Once CGC incorporates Acreage into its business, Constellation Brands would have an automatic investment in Acreage’s U.S. market. Ultimately, this transaction would put Constellation Brands’ $4 billion deal to good use, since it gives the company access to an international cannabis-infused drinks market.

Acreage outlines their excitement for the CGC deal, saying that it sets “the stage for a combined global cannabis powerhouse once it’s federally permissible for Canopy to acquire our company.”

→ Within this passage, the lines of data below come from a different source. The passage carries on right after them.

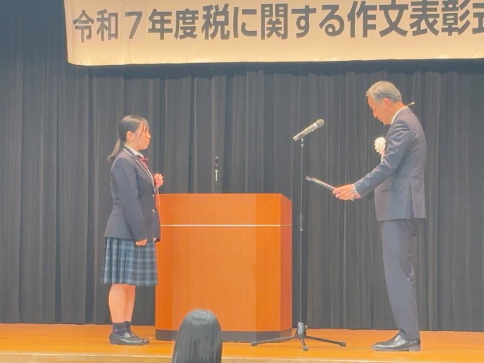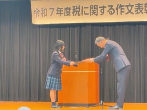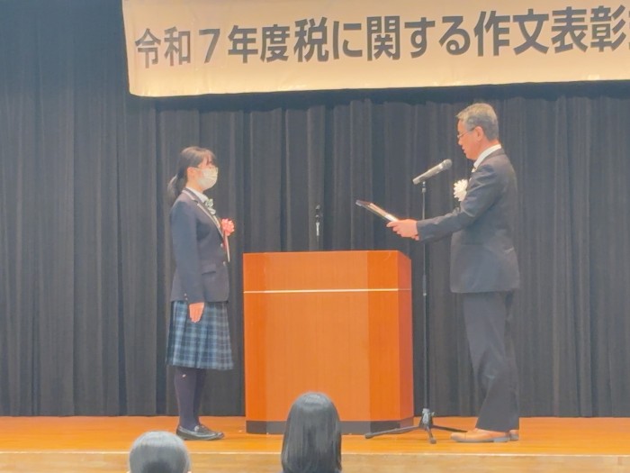 令和7年11月18日(火)。松浦市生涯学習センター(きらきら21)で、令和7年度「税に関する作文」表彰式が行われました。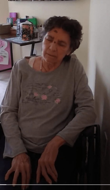 - This person is in a wheelchair and can not hold herself up.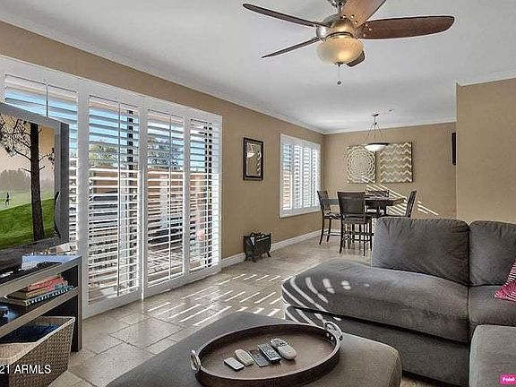 Welcome your fully furnished private villa w/ golf course view! Excellent location central to everything great Scottsdale has to offer. This comfortable and modern condo has it all. Two bedrooms 1 bath full kitchen with granite countertops, travertine floors, and in unit washer/dryer. Community contains two pools and spas, BBQ grills, fitness center, yoga studio, laundry facility, and more.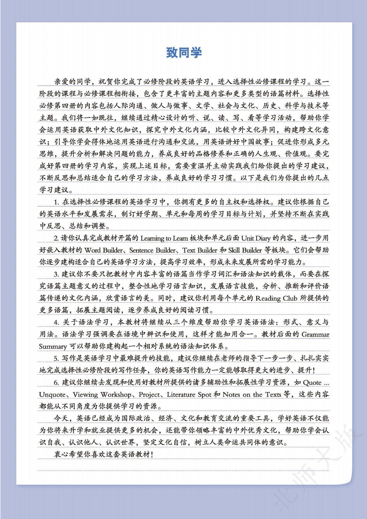 为了帮助高中生自主预习与有效复习,我们整理了2026新教材北师大版高中英语选择性必修四电子课本,教材突出跨学科思维与实际应用能力的培养,下面以图片的形式呈现给大家,希望可以帮助到大家。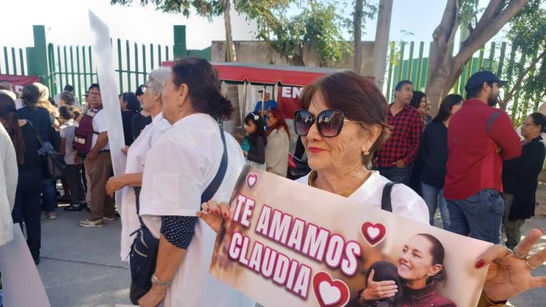 Recibida con música de banda y aplausos, la Mandataria llegó cerca de las 11:50 horas al recinto deportivo acompañada del Gobernador de Sinaloa, Rubén Rocha Moya, entre otros.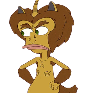 Maurice the Hormone Monster from Big Mouth looks confused and surprised, expressing 'What?' or 'Huh?' with a quizzical expression.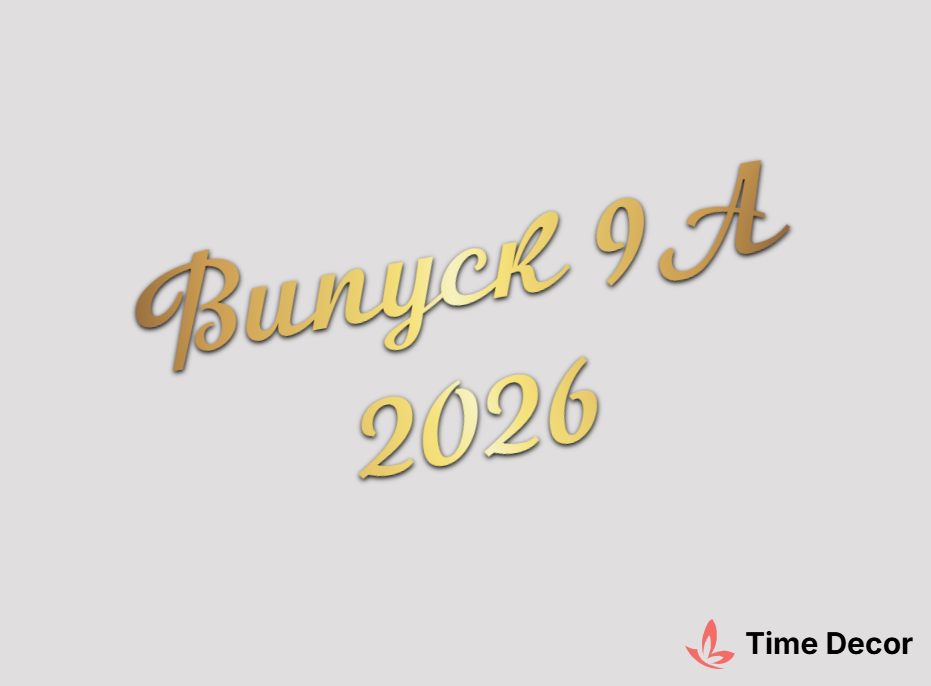 Пластиковий напис "Випуск 9А 2026" – дзеркальний або матовий пластик, можливе виготовлення з клейкою зворотною поверхнею для легкого монтажу.

This deal seems almost necessary after the extreme losses Acreage Holdings faced in 2020. According to Green Market Report, Acreage was too ambitious in their expansion efforts. They expanded too quickly, eventually losing capital because the rollout was not as lucrative as once expected.

Acreage Holdings’ former CEO, Kevin Murphy, commented on the loss, saying that,

“The impact of the COVID-19 pandemic on U.S. cannabis operators has been profound, at a time when the industry was already reeling from decreased access to capital, legislative uncertainty, and the illicit-market vaping crisis that struck our industry by association. Led by a nimble operating team and Board of Directors that has proven its ability time and again to adapt and thrive in challenging times, we are supremely confident our plan will ensure operational profitability and excellence and position us to deliver improved shareholder returns in short order.”

Is This Loss Worth it? 

The CGC and Acreage Holdings could be looked at with the best interests of the ever-changing cannabis market in mind. Cannabis businesses are extremely volatile, especially when constant overcorrection of the cannabis market risks the valuations of its stocks. Stocks rise and fall quickly, creating risk for industry investors.

Ultimately, Constellation Brands can withstand these financial losses. They can sacrifice a small portion of their capital as long as there is an already-established infrastructure with international recognition.

Constellation Brands needed an ‘in’ to the cannabis market, and acquiring a large portion of CGC means they also have partial ownership to Acreage Holdings. It’s worth it for Constellation Brands to remain CGC’s largest investor because it’s an already established business, even considering the financial problems they have faced.